=== DATA PROVIDED ===

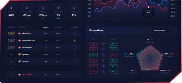 Get the most detailed insights about your aiming in terms of accuracy, reaction time, among other metrics. Our 3D Aim Training data panel shows your performance across tasks and skills to help you measure your progress and improve your aim over time.
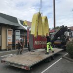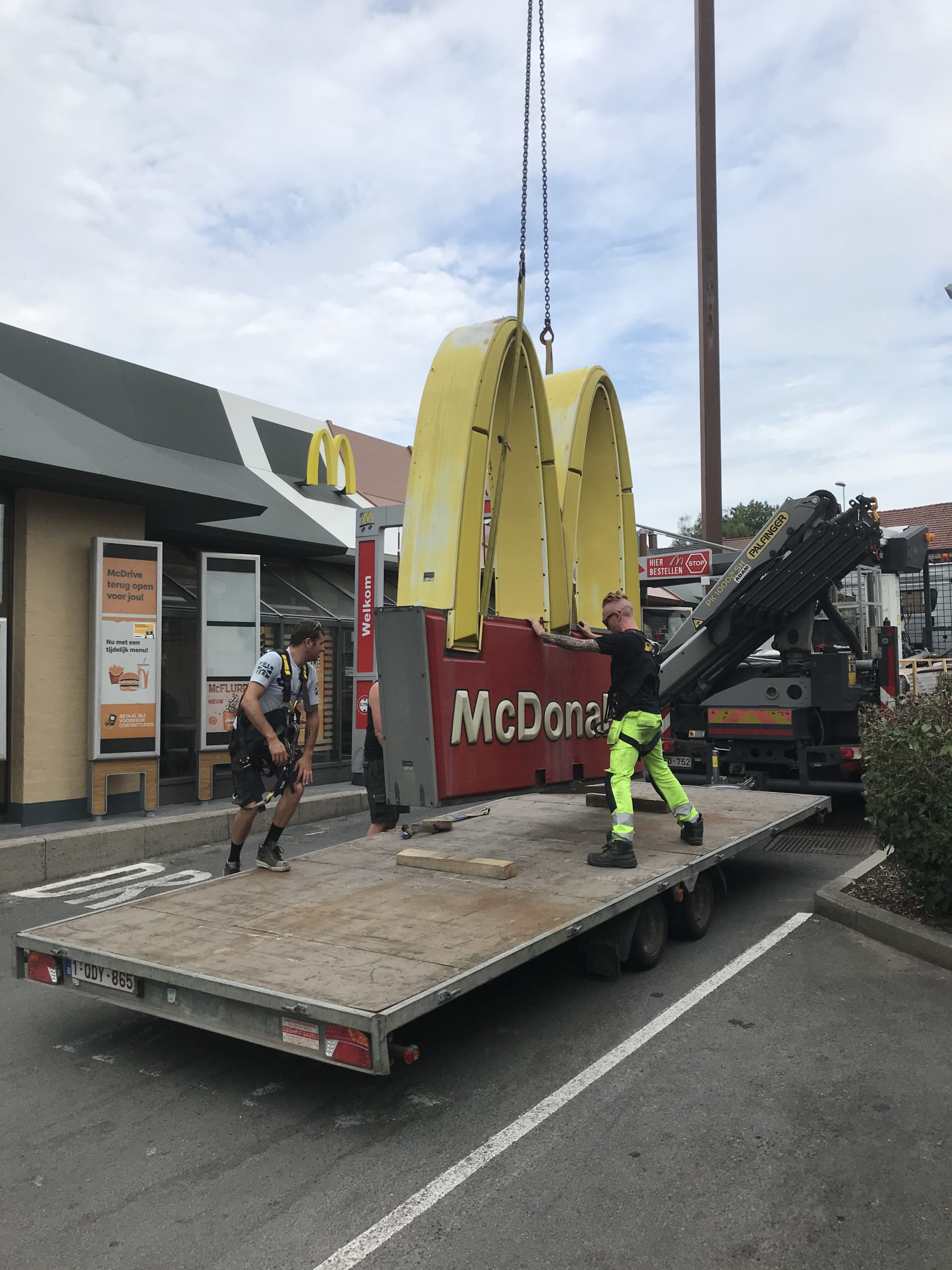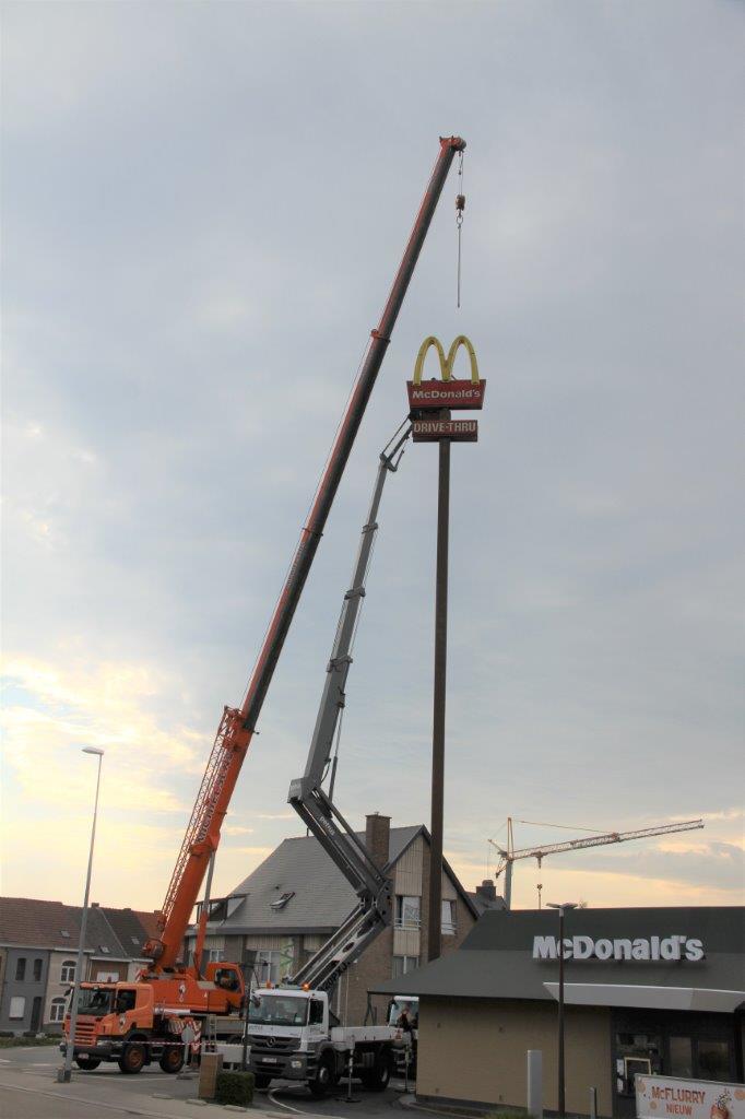 NINOVE – De grote ‘M’ van fastfoodketen McDonald’s is sinds deze week verdwenen van de 30 meter hoge pyloon. Voor even.
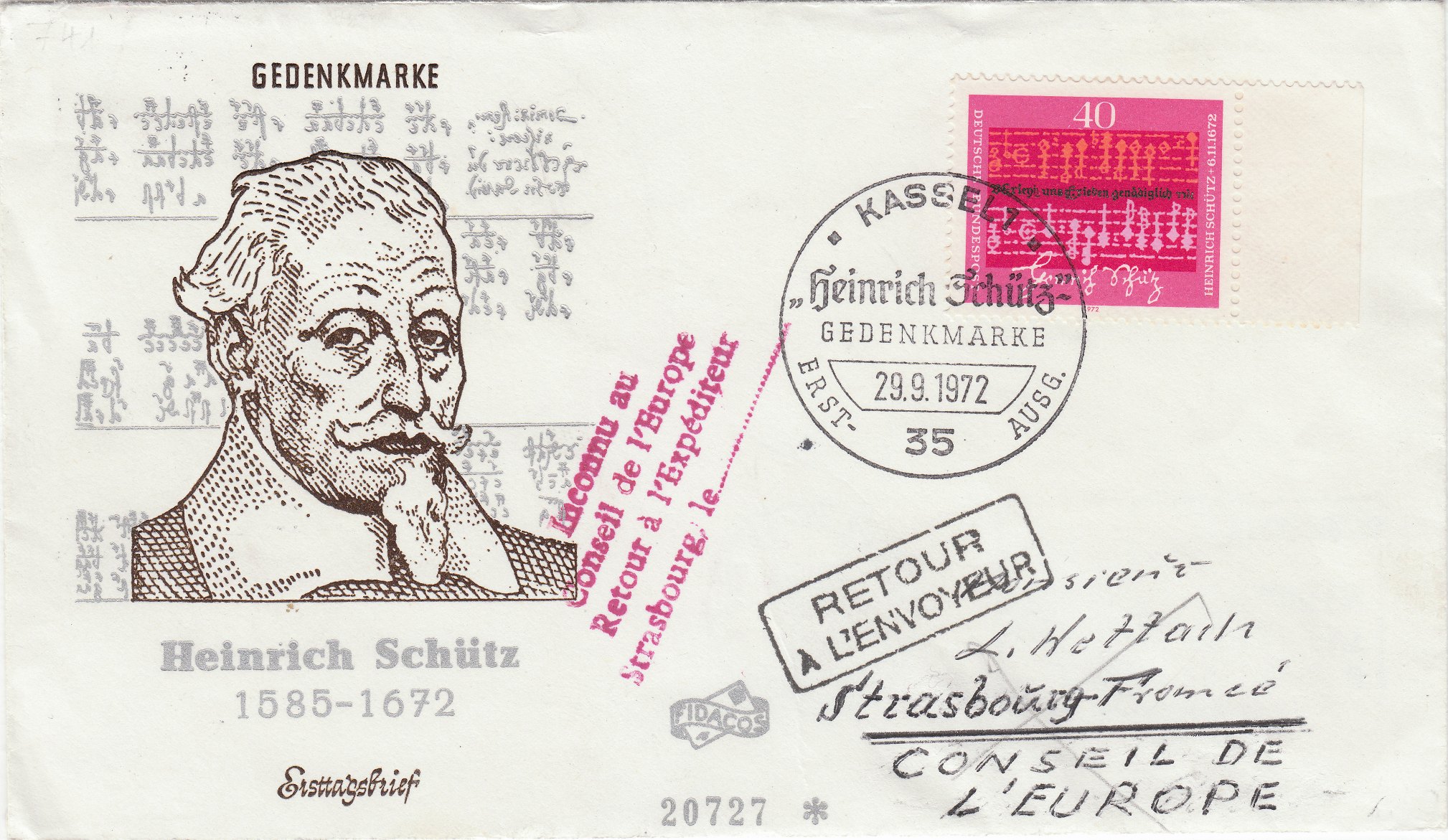 Der Beleg wurde als Ersttagsbrief der Gedenkmarke "Heinrich Schütz" am 29.09.1972 mit einem ESST in Kassel abgeschickt.
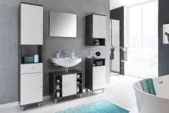Armoire De Toilette Florent Courbée 100cm 3 Portes & Barre LED – Graphite
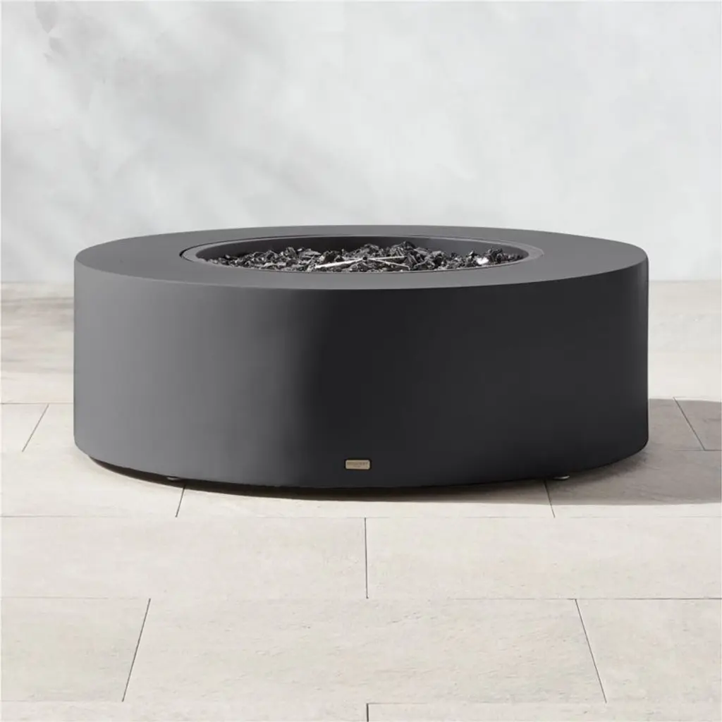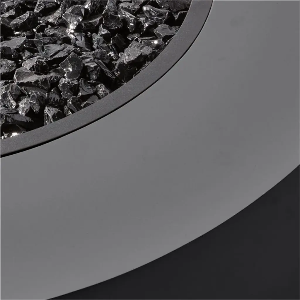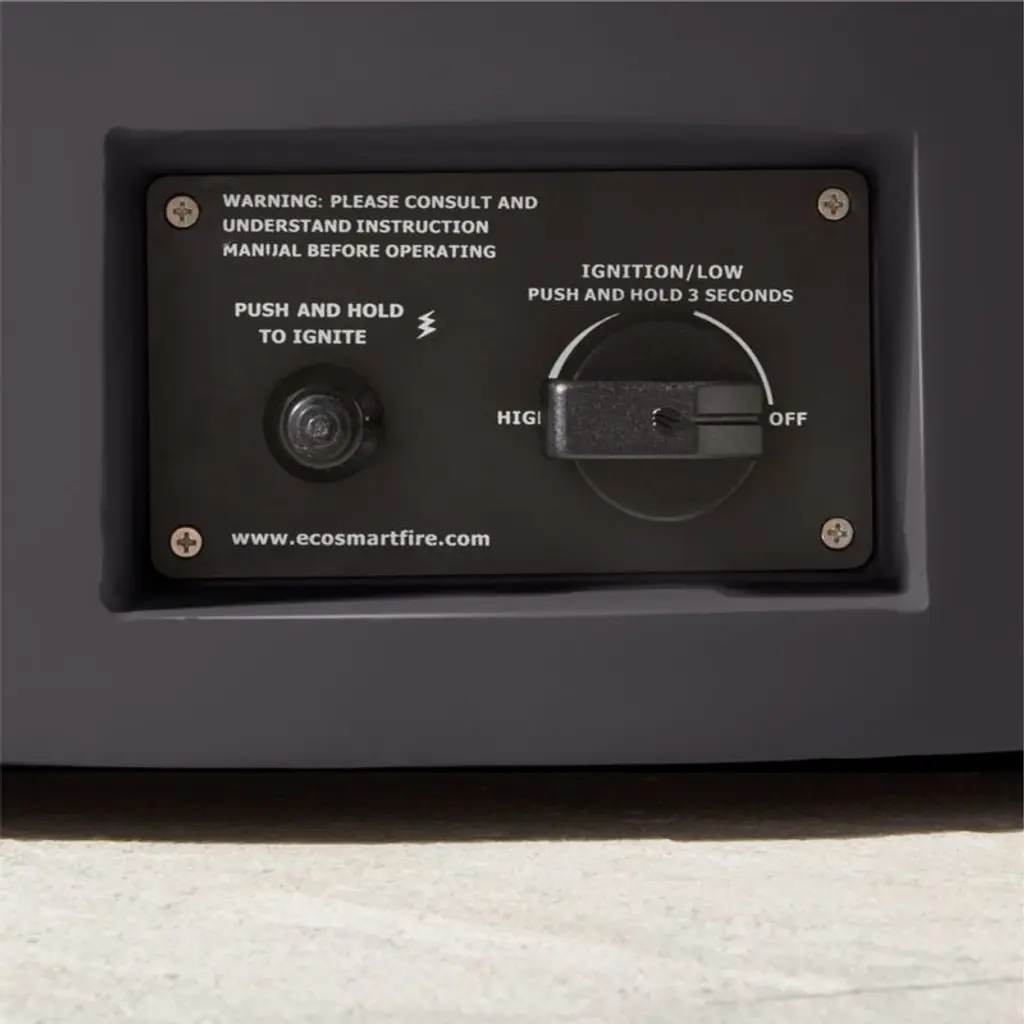 Graphite fire pit table by EcoSmart features a smokeless design that brings the ambience of a warm fireplace outdoors. With the fire as the centerpiece, the concrete rim offers space for drinks, making it perfect for outdoor entertaining. Crafted of a lightweight concrete composite, the weatherproof table resists scratches and stains, while the smooth graphite finish gives the piece a sleek, industrial look. Features adjustable articulating feet for stable positioning.
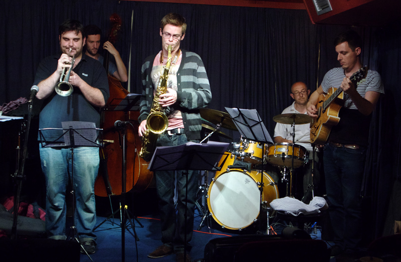 L-R: Paul Jordanous, Max Luthert, Duncan Eagles, Eric Ford, Leo Appleyard. The Verdict, Brighton, East Sussex, UK. Friday, 12th Sept., 2014. Photo ref: 50047
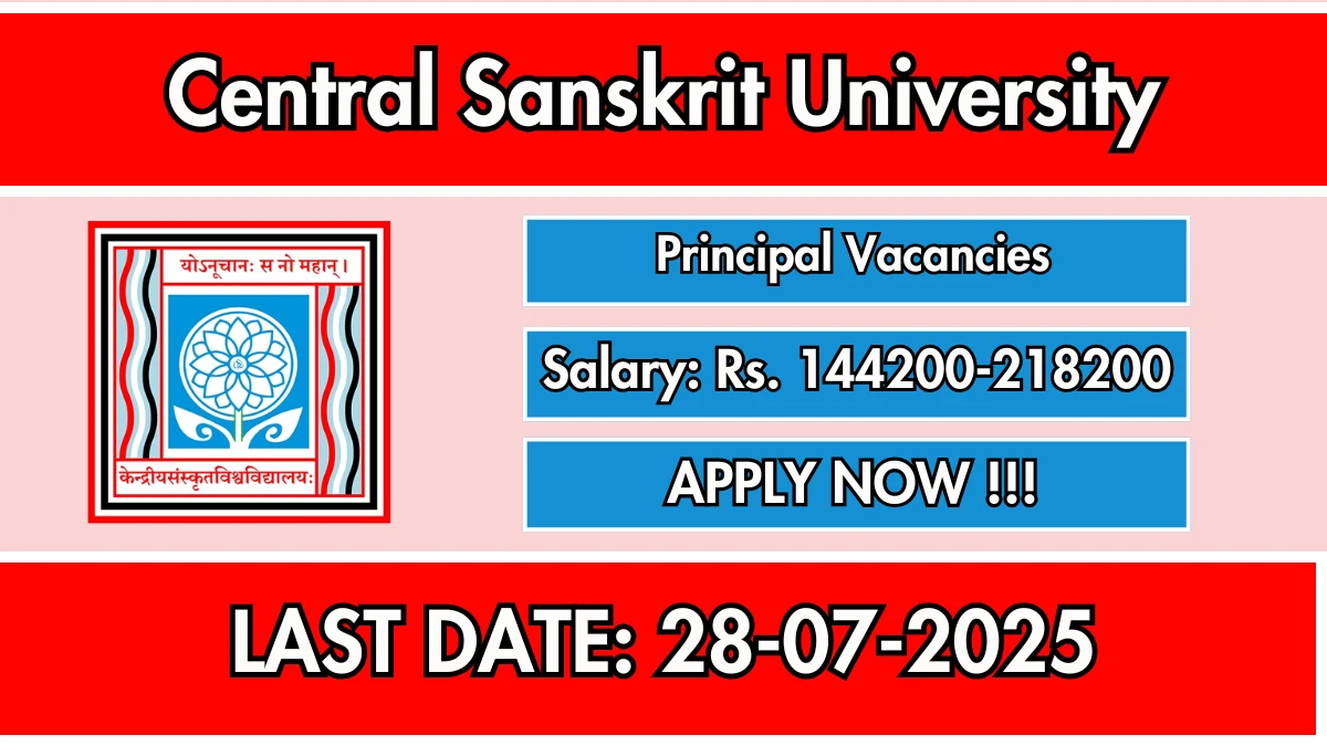 Central Sanskrit University Recruitment 2025 The Central Sanskrit University Recruitment 2025 for 12 posts of Principal. Candidates with Other Can…
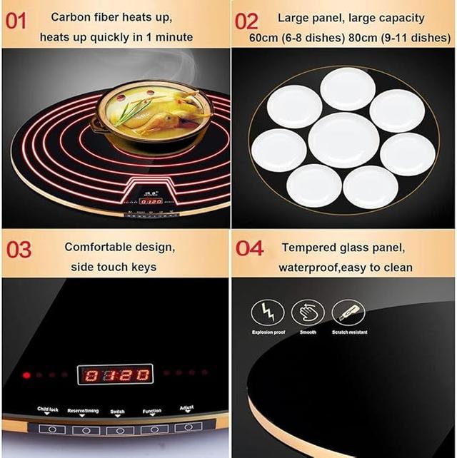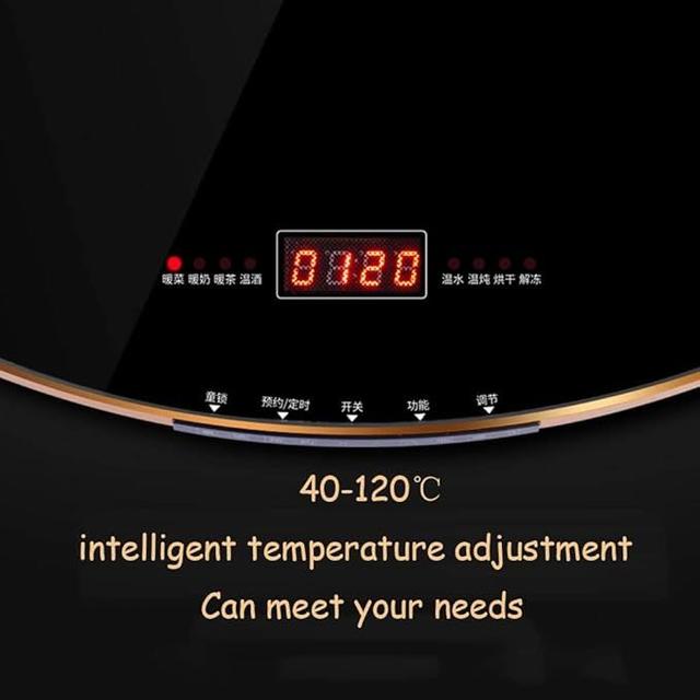 This electric warmer provides even and rapid heat distribution, with adjustable temperature settings from 40°C to 120°C, and is suitable for all types of heat-resistant cookware.
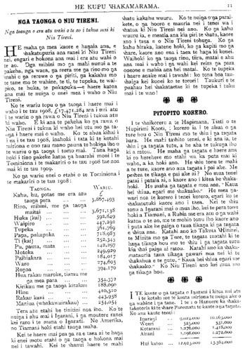 HE KUPU WHAKAMARAMA. 11 NGA TAONGA O NIU TIRENI. Nga toanga o era atu wahi o te ao i tukua mai ki Niu Tireni . HE maha nga mea kaore e hangaia ana, e whakatupuria ana ranei ki Niu Tireni nei; engari e hokona ana mai i era atu wahi o te ao. Nga mihini mo nga mahi nunui a te pakeha, nga waea, nga reera me nga rino mo nga mahi o nga rerewe o nga piriti, nga kakahu mo te tane mo te wahine, te ti, te tupeka, te wai- piro, te huka, te pukapuka—e haere katoa ana mai te nuinga o enei mea i waho o Niu Tireni. Ko te wariu topu o nga taonga i haere mai i waho i te tau 1908, £17,471,284 ara i nui atu i te wariu o nga rawa o Niu Tireni i tukua atu ki waho. E ki ana te pakeha ko nga rawa o Niu Tireni i tukua ki waho hei utu mo nga ta- onga i haere mai o waho. Ko te ahua kihai i i ea i te tau 1908, inahoki i tata ki te kotahi miriona e ono rau mano pauna te hokinga iho o te wariu o nga taonga i tomo mai. Tana hanga hoki i tino pakeke katoa nga huarahi moni i te Tominiona i te makariri o te tau 1908 tae noa mai ki te tau 1909 Ko nga wariu enei o etahi o te Tominiona i te makariri o te tau 1908: TAONGA. WARIU. Kahu, hu, potae me era atu £ taonga pera ... ... 3,867, 493 Rino, mihini, me nga taonga maitai ... ... ... 3,671,138 Huka (kai) ... ... ... 592,849 Waipiro ... ... ... 447, 292 Tupeka ... ... ... 361,769 Papa, pukapuka ... ... 718,983 Ti (kai) ... ... ... 252, 345 Pu, paura, mata ... ... 142, 297 Motoka ... ... ... 249,929, Paihiakara ... ... ... 184, 017 Waro ... ... ... 274, 605 Rongoa ... ... ... 394,170 Hua rakau maroke, tiamu me nga mea para ... ... 354.372 Kirikau me nga taonga kirakau 188, 090 Hinu ... ... ... 410,510 Rakau kaui ... ... ... 443,938 Maniua (whakawairakau) ... 254,054 Tera atu etahi he tinitini noa iho. Ko te nuinga i ahu mai i Ingarani, i nga moutere ranei kei raro i te mana o Ingarani. No Amerika, no Tiamani hoki etahi taonga maha. Kei te haere mai pea nga ra e taea ai te hanga ki enei motu etahi o nga taonga e hokona mai nei i tawahi. Kei te whanui haere te mahi whatu kakahu wuuru. Ko te nuinga o nga parai- kete, o nga hooro e mauria nei i tenei wa i whatua ki Niu Tireni nei ano. Ko nga kahu wuuru ia, e meatia ana kia piri te whatu, kaore ano i taea e o Niu Tireni tohunga. Ko nga kahu hiraka, katene hoki, ko nga kapiti mo nga whare, kaore ano ena i taea te hanga ki konei. Waihoki ko nga taonga rino, tiira, matai e ahu ana mai i waho i nga wahi kei reira nga para oneone e mahia ana hei matai, Ko te tupeka i haere anake mai i tawahi: ko tona hoa tau- whainga kei konei ko te torori! Taukuri e te puahau hei whakataetae ki te tupeka i tuku mai i te wao! ( PITOPITO KORERO. I te whaikorero a te Hapimana, Tiati o te Hupirimi Kooti, i korero ia i te ahua o na ture hou o Niu Tireni mo te whiu i nga tangata hara. He mahi tawhito tenei, e ki ana ia, te whiu i nga tangata tutu, a he aha te tukunga iho ki a ratou. He maha nga tangata e haere ana ki ro herehere mo etahi wa ka puta mai ki waho, a ka hoki ano. He whiu tonu te mahi a te ture, kaore ano aua tangata i pai ake. Me pewhea te tikanga e pai ake ai? No mua tenei patai i pataia ai, a kaore ano i kitea he whaka- hoki. He maha nga tangata e mea ana," Kaua hei whiua, engari me whakaako." He mea nga- wari noa te korero i tenei korero, engari ko te whakatutuki kaore ano i taea. Kei te whiu tonu a Ingarani mai o mua iho, kei te pera tonu hoki a Tiamani, a Ruhia me era atu o nga wahi katoa o te ao, me te mohio tonu iho kaore ano i puta ake he painga o taua tikanga ki na tangata e whiua ana. Katahi ano ko Takuta Whinirei, te Minita mo nga Ture, te tangata tuatahi ki te hanga tikanga hou mo te whiu i nga tanata tutu. kia whai painga ai ratou. Katahi ano ka whaka- matauria taua tikanga ngawari noa nei ki te whakahua e te ngutu, " Kaua hei whiua engari me whakaako." Ko Niu Tireni ano kei mua mo nga tikanga hou. ITE kaute o na tanata o Ingarani i kitea nui utu i te kotahi me te koata miriona te nuinga ake o na wahine i na tane. I te 1 o Hanuere ka whaka- takotoria ki te whare Paremata te kaute o nga tangata. Ko aua kaute tenei: Ingarani ... 9, 024.000 10.163 000, Weeri ... 525, 000 531, 000 Kotarani ... 1, 276, 000 1, 418, 000 Airani ... 1, 198, 000 1.272, 000 Hui katoa

===

◆ EXERCISE: Without the pictures, set down the lines above from the line with "Graphite fire pit" up to and including the line with "This electric warmer" exactly as they stand.

◆ EXERCISE RESPONSE:
 Graphite fire pit table by EcoSmart features a smokeless design that brings the ambience of a warm fireplace outdoors. With the fire as the centerpiece, the concrete rim offers space for drinks, making it perfect for outdoor entertaining. Crafted of a lightweight concrete composite, the weatherproof table resists scratches and stains, while the smooth graphite finish gives the piece a sleek, industrial look. Features adjustable articulating feet for stable positioning.
 L-R: Paul Jordanous, Max Luthert, Duncan Eagles, Eric Ford, Leo Appleyard. The Verdict, Brighton, East Sussex, UK. Friday, 12th Sept., 2014. Photo ref: 50047
 Central Sanskrit University Recruitment 2025 The Central Sanskrit University Recruitment 2025 for 12 posts of Principal. Candidates with Other Can…
 This electric warmer provides even and rapid heat distribution, with adjustable temperature settings from 40°C to 120°C, and is suitable for all types of heat-resistant cookware.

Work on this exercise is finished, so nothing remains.